### [WORK REQUIRED]
Scan the records below for the line with "An Abyssinian cat" and the line with "- Цветовая игра: Петра". Repeat those two lines and every line between them exactly, and nothing else.

****************************************

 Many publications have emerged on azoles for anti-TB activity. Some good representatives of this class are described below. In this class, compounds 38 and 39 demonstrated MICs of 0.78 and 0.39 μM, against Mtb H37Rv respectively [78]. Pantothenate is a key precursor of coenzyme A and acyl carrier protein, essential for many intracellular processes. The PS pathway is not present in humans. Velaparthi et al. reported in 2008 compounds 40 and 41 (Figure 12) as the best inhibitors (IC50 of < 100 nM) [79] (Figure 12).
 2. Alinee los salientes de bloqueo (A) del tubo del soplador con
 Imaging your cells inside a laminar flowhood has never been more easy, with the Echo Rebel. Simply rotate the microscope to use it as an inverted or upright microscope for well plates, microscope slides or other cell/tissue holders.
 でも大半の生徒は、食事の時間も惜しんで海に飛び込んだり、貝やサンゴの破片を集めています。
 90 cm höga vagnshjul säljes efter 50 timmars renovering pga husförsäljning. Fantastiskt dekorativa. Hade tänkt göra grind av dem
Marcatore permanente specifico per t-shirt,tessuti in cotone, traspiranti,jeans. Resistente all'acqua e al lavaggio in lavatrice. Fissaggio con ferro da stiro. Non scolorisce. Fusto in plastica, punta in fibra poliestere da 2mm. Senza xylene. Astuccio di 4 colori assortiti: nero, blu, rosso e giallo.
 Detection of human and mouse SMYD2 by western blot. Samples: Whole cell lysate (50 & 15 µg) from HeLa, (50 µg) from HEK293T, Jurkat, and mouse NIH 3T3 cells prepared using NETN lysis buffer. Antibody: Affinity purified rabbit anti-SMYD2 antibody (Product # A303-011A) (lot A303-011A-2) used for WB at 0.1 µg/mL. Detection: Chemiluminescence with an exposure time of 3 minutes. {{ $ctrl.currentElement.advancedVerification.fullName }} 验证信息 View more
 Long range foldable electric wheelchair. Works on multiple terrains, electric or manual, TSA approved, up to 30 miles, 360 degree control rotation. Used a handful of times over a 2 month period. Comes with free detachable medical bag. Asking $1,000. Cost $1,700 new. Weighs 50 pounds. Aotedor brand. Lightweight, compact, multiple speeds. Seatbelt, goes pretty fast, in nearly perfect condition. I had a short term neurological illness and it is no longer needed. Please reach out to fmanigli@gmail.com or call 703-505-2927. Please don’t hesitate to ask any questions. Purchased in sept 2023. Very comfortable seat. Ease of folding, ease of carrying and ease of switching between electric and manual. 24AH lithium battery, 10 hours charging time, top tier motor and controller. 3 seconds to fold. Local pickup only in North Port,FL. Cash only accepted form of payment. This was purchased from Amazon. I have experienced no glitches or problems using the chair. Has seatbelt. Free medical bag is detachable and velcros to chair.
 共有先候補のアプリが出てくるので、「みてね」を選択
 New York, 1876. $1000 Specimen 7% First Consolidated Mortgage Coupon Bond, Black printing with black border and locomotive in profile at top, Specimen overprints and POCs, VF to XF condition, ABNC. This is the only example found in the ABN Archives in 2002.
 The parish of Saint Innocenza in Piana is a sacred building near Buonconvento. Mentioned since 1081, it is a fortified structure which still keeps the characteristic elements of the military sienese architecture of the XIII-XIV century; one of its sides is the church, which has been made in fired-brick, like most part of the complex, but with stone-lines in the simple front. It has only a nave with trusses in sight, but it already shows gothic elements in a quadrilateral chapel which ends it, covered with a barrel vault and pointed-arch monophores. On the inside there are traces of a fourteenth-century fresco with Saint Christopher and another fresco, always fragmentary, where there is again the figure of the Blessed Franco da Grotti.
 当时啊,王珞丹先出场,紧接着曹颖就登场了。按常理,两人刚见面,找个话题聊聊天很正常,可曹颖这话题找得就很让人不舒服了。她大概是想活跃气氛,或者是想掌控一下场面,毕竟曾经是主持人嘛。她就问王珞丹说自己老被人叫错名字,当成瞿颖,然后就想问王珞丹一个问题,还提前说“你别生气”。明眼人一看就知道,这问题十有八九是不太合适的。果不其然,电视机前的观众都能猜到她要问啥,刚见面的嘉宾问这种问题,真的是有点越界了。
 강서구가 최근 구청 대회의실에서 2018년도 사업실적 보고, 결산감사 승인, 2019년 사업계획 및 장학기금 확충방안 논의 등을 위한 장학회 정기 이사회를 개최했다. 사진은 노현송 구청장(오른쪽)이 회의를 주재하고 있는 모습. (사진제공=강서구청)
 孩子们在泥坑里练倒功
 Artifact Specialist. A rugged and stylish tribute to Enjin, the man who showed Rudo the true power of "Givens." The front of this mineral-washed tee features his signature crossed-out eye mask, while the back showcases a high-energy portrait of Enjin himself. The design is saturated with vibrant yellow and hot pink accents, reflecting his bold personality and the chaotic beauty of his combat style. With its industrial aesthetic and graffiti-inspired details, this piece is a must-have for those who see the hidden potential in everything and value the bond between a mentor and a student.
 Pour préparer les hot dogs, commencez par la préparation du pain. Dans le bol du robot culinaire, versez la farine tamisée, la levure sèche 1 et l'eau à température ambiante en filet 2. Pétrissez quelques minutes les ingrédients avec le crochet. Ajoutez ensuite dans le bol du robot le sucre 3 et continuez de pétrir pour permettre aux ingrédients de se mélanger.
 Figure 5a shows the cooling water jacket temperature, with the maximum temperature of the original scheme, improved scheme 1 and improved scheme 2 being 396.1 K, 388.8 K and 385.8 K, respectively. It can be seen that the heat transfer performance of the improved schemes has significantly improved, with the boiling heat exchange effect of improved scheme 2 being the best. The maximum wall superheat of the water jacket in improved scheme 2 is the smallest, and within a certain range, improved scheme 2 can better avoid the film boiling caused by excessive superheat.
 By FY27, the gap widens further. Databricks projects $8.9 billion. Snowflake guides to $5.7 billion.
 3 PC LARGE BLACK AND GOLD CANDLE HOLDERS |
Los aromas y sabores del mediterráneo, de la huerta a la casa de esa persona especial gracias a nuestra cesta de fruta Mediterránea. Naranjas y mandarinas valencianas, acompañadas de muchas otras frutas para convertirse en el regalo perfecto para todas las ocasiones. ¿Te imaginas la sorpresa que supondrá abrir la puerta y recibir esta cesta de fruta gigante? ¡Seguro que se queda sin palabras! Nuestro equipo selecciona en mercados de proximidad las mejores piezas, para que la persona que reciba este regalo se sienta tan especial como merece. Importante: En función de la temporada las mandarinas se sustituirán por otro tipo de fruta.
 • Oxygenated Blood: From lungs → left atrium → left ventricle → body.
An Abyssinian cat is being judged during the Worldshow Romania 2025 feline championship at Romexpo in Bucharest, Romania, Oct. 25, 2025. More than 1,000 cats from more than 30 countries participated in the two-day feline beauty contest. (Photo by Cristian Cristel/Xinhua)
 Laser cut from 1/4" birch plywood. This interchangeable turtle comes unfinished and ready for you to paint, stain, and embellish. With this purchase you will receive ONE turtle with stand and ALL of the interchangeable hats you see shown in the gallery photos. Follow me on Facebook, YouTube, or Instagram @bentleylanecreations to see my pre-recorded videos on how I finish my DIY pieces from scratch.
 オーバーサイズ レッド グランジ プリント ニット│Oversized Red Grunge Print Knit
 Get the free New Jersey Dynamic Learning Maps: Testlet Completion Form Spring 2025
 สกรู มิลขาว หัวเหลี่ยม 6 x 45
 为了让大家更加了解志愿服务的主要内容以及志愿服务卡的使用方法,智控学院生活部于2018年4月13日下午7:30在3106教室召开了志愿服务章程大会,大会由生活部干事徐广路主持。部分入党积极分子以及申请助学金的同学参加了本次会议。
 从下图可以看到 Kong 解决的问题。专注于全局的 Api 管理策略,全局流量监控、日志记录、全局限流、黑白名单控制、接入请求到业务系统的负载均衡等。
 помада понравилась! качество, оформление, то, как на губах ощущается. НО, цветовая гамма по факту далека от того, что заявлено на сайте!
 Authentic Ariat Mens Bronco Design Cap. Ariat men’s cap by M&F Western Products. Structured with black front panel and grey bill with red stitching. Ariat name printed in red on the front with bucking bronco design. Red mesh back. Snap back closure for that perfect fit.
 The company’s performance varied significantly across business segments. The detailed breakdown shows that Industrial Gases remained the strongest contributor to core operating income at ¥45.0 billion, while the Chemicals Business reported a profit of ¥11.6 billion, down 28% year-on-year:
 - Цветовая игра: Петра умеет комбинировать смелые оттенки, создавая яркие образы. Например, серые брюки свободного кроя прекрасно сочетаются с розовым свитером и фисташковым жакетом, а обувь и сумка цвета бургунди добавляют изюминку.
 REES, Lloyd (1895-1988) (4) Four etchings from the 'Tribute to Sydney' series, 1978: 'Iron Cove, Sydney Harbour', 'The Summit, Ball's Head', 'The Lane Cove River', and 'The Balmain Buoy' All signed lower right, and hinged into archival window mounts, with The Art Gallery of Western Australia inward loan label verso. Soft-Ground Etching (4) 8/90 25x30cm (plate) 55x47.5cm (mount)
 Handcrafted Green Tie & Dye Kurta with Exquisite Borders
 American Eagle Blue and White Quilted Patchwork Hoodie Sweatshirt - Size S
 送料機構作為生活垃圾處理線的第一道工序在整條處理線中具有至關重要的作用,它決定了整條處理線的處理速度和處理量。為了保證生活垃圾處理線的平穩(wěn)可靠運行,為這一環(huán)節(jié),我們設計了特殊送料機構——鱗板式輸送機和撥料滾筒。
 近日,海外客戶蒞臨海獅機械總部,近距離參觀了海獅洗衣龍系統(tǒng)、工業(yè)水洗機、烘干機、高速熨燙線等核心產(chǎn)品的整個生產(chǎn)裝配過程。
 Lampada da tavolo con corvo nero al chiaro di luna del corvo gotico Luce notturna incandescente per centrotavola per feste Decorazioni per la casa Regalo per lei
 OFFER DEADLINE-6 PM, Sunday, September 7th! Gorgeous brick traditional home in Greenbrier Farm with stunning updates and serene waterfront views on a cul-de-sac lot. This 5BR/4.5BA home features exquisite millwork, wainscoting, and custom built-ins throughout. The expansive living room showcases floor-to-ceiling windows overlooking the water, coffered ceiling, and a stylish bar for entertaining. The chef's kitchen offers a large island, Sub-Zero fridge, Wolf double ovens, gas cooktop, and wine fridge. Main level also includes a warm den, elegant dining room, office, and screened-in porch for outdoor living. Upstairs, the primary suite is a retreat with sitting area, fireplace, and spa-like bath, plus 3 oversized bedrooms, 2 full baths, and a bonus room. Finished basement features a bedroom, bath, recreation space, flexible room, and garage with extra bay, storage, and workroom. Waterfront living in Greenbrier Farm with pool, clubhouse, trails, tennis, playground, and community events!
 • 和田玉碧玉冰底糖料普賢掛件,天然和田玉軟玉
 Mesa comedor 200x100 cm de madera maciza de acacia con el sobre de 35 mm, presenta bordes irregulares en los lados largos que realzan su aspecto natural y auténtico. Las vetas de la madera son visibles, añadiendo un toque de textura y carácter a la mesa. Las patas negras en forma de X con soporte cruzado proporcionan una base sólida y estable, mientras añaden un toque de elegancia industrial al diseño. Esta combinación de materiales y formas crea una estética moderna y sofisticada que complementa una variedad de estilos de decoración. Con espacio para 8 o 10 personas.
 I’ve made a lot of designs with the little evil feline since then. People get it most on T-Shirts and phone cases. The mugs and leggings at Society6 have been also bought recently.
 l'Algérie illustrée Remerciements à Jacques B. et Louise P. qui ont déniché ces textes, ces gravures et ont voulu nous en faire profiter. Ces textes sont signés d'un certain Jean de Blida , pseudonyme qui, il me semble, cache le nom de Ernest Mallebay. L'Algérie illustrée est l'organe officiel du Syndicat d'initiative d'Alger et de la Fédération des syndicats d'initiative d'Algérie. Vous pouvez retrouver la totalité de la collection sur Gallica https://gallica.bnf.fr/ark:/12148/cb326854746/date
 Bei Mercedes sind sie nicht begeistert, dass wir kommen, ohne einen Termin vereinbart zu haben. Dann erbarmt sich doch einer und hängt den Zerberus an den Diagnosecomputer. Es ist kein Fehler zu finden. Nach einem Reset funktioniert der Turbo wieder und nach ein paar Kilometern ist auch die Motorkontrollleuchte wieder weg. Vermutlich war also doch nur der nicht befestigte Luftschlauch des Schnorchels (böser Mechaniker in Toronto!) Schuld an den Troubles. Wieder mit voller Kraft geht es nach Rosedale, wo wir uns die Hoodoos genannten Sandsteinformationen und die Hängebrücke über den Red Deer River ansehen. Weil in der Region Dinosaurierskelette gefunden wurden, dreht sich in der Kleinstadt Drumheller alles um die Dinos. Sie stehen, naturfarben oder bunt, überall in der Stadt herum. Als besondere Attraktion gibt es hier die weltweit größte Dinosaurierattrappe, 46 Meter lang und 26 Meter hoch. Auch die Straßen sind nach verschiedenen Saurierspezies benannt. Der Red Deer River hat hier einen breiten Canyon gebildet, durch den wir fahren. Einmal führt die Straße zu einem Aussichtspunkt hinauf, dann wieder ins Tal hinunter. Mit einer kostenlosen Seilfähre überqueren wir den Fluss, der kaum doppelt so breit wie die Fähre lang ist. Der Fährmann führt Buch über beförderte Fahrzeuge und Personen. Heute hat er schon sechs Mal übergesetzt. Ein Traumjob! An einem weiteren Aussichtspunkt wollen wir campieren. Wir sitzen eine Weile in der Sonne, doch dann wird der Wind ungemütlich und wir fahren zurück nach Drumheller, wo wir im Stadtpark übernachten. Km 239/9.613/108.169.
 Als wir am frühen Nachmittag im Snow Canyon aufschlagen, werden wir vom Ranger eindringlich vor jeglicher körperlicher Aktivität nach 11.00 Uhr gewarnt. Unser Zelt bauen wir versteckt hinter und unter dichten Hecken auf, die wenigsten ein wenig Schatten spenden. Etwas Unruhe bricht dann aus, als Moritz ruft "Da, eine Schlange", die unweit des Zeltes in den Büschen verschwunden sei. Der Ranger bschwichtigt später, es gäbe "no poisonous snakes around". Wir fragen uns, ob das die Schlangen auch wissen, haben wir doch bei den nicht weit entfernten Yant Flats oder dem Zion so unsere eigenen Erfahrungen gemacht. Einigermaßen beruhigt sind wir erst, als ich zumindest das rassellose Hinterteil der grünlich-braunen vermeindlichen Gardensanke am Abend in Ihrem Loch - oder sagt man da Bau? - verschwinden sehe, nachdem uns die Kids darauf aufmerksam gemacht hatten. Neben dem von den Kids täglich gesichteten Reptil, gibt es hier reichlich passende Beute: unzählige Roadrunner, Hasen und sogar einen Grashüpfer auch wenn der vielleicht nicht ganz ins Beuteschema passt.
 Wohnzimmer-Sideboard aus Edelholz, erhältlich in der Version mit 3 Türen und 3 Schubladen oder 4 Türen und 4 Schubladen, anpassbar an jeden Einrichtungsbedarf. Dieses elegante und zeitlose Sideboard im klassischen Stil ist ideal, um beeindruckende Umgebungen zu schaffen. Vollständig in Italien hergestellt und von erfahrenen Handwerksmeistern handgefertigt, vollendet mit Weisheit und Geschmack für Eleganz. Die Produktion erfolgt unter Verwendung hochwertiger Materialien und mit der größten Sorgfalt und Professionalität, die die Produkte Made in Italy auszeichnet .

****************************************

### [THE COMPLETED TASK]
An Abyssinian cat is being judged during the Worldshow Romania 2025 feline championship at Romexpo in Bucharest, Romania, Oct. 25, 2025. More than 1,000 cats from more than 30 countries participated in the two-day feline beauty contest. (Photo by Cristian Cristel/Xinhua)
 Laser cut from 1/4" birch plywood. This interchangeable turtle comes unfinished and ready for you to paint, stain, and embellish. With this purchase you will receive ONE turtle with stand and ALL of the interchangeable hats you see shown in the gallery photos. Follow me on Facebook, YouTube, or Instagram @bentleylanecreations to see my pre-recorded videos on how I finish my DIY pieces from scratch.
 オーバーサイズ レッド グランジ プリント ニット│Oversized Red Grunge Print Knit
 Get the free New Jersey Dynamic Learning Maps: Testlet Completion Form Spring 2025
 สกรู มิลขาว หัวเหลี่ยม 6 x 45
 为了让大家更加了解志愿服务的主要内容以及志愿服务卡的使用方法,智控学院生活部于2018年4月13日下午7:30在3106教室召开了志愿服务章程大会,大会由生活部干事徐广路主持。部分入党积极分子以及申请助学金的同学参加了本次会议。
 从下图可以看到 Kong 解决的问题。专注于全局的 Api 管理策略,全局流量监控、日志记录、全局限流、黑白名单控制、接入请求到业务系统的负载均衡等。
 помада понравилась! качество, оформление, то, как на губах ощущается. НО, цветовая гамма по факту далека от того, что заявлено на сайте!
 Authentic Ariat Mens Bronco Design Cap. Ariat men’s cap by M&F Western Products. Structured with black front panel and grey bill with red stitching. Ariat name printed in red on the front with bucking bronco design. Red mesh back. Snap back closure for that perfect fit.
 The company’s performance varied significantly across business segments. The detailed breakdown shows that Industrial Gases remained the strongest contributor to core operating income at ¥45.0 billion, while the Chemicals Business reported a profit of ¥11.6 billion, down 28% year-on-year:
 - Цветовая игра: Петра умеет комбинировать смелые оттенки, создавая яркие образы. Например, серые брюки свободного кроя прекрасно сочетаются с розовым свитером и фисташковым жакетом, а обувь и сумка цвета бургунди добавляют изюминку.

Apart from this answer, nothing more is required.